Recycled Polyester, Organic Cotton or Hemp – Which Is The Most Eco-Friendly Fiber?


We all know by now that organic is significantly better than conventional. Of course, in the event the eco-revolution started with organic food, nowadays we have a selection in every part of life including clothing. There are many very good reasons to choose organic clothing that individuals nearly never ask ourselves that fiber is indeed green. Might it be possible a synthetic fiber to become better for the environment than an organic one? Let’s have closer glance at some of the popular green fibers – organic cotton, organic hemp and recycled polyester, and find out howmuch green they’re.

Organic cotton farmers save money on production by reducing the elevated costs associated with chemical processing as well as avoid workers’ damage, water contamination and degradation of soil nutrients.

It really is one of the very environmentally favorable plants. It’s pest resistant – no pesticides are needed. Furthermore, when hemp is grown in spinning, it has been proven to decrease the pests in future plants. Hemp is increased so densely it kills the other plants round as a result of that no herbicides are required. In the end, hemp perhaps not only needs little if any fertilizers, however it also turns back most of the nourishment it takes from the soil. Therefore, as a result of its distinctive character, the changes demanded in the cultivation of hemp to make organic seeds really are minimal.
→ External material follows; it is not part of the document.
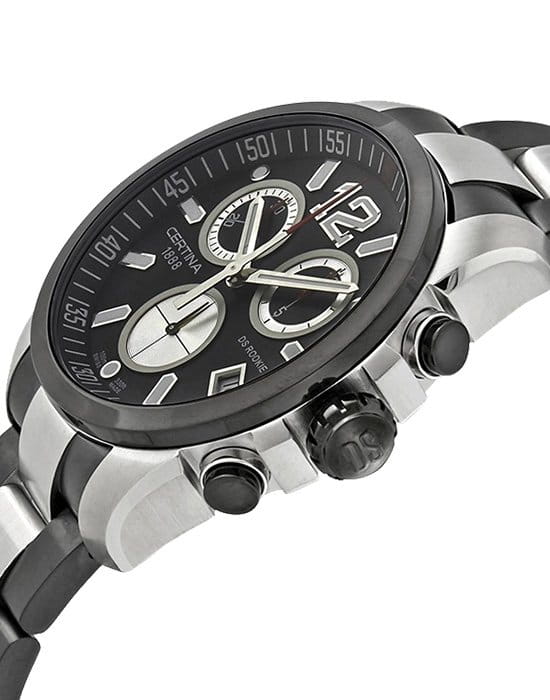 ХронографХронографФункция позволяет измерять отрезки времени с особой точностью: часы, минуты, секунды. Верным признаком хронографа является наличие на циферблате 3 дополнительных окошек-счётчиков. основан на концепции Двойной надёжности DSDS ConceptDouble Security Concept, обозначает двойную надёжность и безупречную точность часов Certina. Двойная система защиты подразумевает обеспечение максимальной устойчивости к ударам и высоких показателей водонепроницаемости.. Ударопрочный корпусУдаропрочный корпусМеханизм заключён в корпус, выполненный из современных материалов, устойчивых к ударам, механическим повреждениям и падению с высоты: инновационный пластик, карбон, нержавеющая сталь, титан. с PVD-покрытиемPVDУльтратонкое покрытие наносится в технике вакуумного напыления, сочетает в себе нитрид титана особой прочности со слоем золота или оксида хрома. Несёт в себе декоративную или защитную функцию. защищает швейцарский кварцевый механизм ETA G10.211. Люминесцентная подсветкаЛюминесцентное покрытиеПозволяет считывать показания времени в темноте. Производители наносят на стрелки, часовые индексы, безель или поверхность циферблата светонакопительный состав, дающий холодное свечение. стрелок позволяет пользоваться часами в темноте. Сапфировое стекло невозможно поцарапать.

It’s carried out by used bottles. The recycling is mechanical or chemical. The former can be done just a few times until the dye gets good only for that landfill. The latter turns the yarn as beautiful and strong as the first polyester, however it is costly and rarely achieved. One other factor is that the antimony trioxide (carcinogen) which is released during the manufacture of recycled polyester. Antimony causes cancer in mice and its exposure is accumulative. Though it’s likely to the polymer while heated (like throughout the recycling process), we’re not absolutely sure that its presence within our recycled cotton clothing is 100% safe.

Energy & CO2 emissions

Since pesticides and insecticides have the effect of the majority of the energy employed in farming, organic techniques produce less carbon dioxide emissions. In this category, organic cotton is a winner requiring a bit less energy than organic hemp.

Recycled polyester is the very energy intensive fiber one of organic cotton and hemp. The next moment, when you buy a style tshirt from recycled cotton, be aware that it is made of approximately five plastic bottles. It is one very beautiful means to limit the total amount of plastics on earth, isn’t it?

Land use

Organic cotton requires energy to cultivate , however, the deficiency of artificial fertilizers along with the adoption of harvest rotation contributes to 20 to 50% lower yields. So, if organic cotton will be always to displace the creation of traditional cotton, then a greater land area will be required.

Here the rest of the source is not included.